В ответ Рыжая только смеется. Мужчина, который не захотел ее вчера вечером ни убить, ни заразить СПИДом, вселил в ее рыжую голову совершенно удивительную мысль о том, что сдаваться, в сущности, рано. И что, в сущности, несколько золотых нитей, которые стали резиновыми, ничем не могут ей помешать.
— До свиданья, — говорит врач. — И постарайся уж больше меня не беспокоить. Домой-то сама доберешься? Или позвонить кому?
— Доберусь, — улыбается Рыжая. Она доходит до дверей и с удивлением понимает, что внутри ее опять вскипает волна. Не такая сильная, как вчера, и, уж конечно, не такая разрушительная. И, повинуясь ей, она оборачивается в дверях:
— Позвонить вашему коллеге, Илье.
Ему даже не приходится звонить. Скользя рукой по стене, Рыжая неуверенно проходит по коридору и стучится в дверь ординаторской, где самая симпатичная медсестра отделения выбрасывает шприц, сделав Илье очередной укол антибиотика. Рыжая открывает дверь и смотрит на доктора. Доктор смотрит на нее. И снова ее глаза притягивают и искрятся, обещая бесконечно удивлять.

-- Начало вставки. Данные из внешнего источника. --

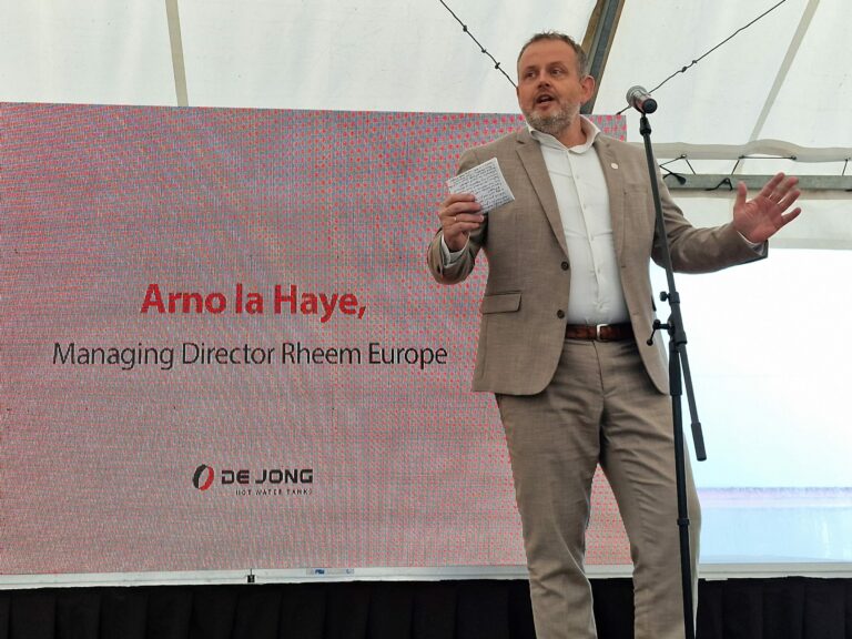 Výkonný riaditeľ Rheem Europe Arno La Haye pri slávnostnom začiatku výstavby nového závodu spoločnosti Dejong v Prešove. Prešov, 3. októbra 2024. Foto: SITA/Ivan Kriššák
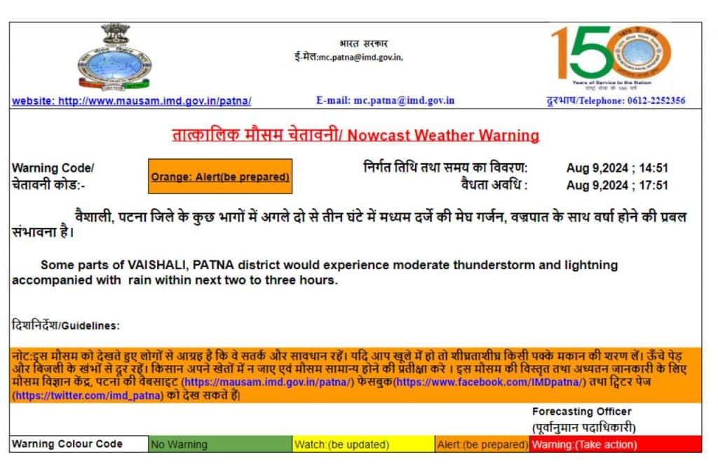 मौसम विभाग द्वारा जारी चेतावनी के अनुसार पटना और वैशाली जिला के कुछ भागों में अगले दो से तीन घंटों में झमाझम बारिश होगी. इस दौरान मेघ गर्जन के साथ आकाशीय बिजली गिरने की भी संभावना है. मौसम विभगा ने इन दोनों जिला के लिए ऑरेंज अलर्ट जारी किया है.

— Вы не женщина, а чума, — говорит доктор, и при этом его голубые глаза становятся ярко-синими. — У меня по вашей милости воспаление легких.
— Это фигня, — улыбается Рыжая, и ее волосы вспыхивают на солнце огнем, — меня вчера два раза ограбили и один раз не захотели убить, но я отделалась сотрясением мозга. Правда, не знаю, по вашей это милости или нет.
И она опирается спиной о стену, потому что мир опять норовит унестись от нее в никуда. Но теперь это совсем не страшно, потому что золотая нить протягивается от нее к доктору и не дает упасть.
Я. ЛЕТО
В субботу в воздухе висит жара и у реки полным-полно купальщиков. Они с разбегу бросаются в воду, вопят на берегу, кидают друг в друга мячами и едят сосиски, запивая их пивом. Они превращают воду в кипящий ад и загоняют меня в самую глубь камышиных зарослей. Там я опускаюсь на глубину и затихаю, представляя, что у меня нет ни глаз, ни ушей, ни ворсинок на лапах. Вы удивлены? Ломаете голову над тем, при чем здесь ворсинки? Они нужны для того, чтобы чувствовать изменения воды. Чем, по-вашему, я улавливаю малейшие колебания речного настроения? У меня нет ни души, ни памяти, а значит, нет и собственных чувств. И это очень хорошо, скажу я вам. Потому что, наслушавшись бесконечных историй, которые вы непременно тащите с собой в воду, могу сказать совершенно точно: ваши чувства и ваша память — вот что сильнее всего портит вам жизнь. Больные суставы, повышенное давление, понос и разводы — это просто жалкие предлоги для того, чтобы не думать о главном. А именно: если бы вам удалось совладать с памятью и чувствами, ни понос, ни разводы не могли бы причинить вам ни малейшего неудобства.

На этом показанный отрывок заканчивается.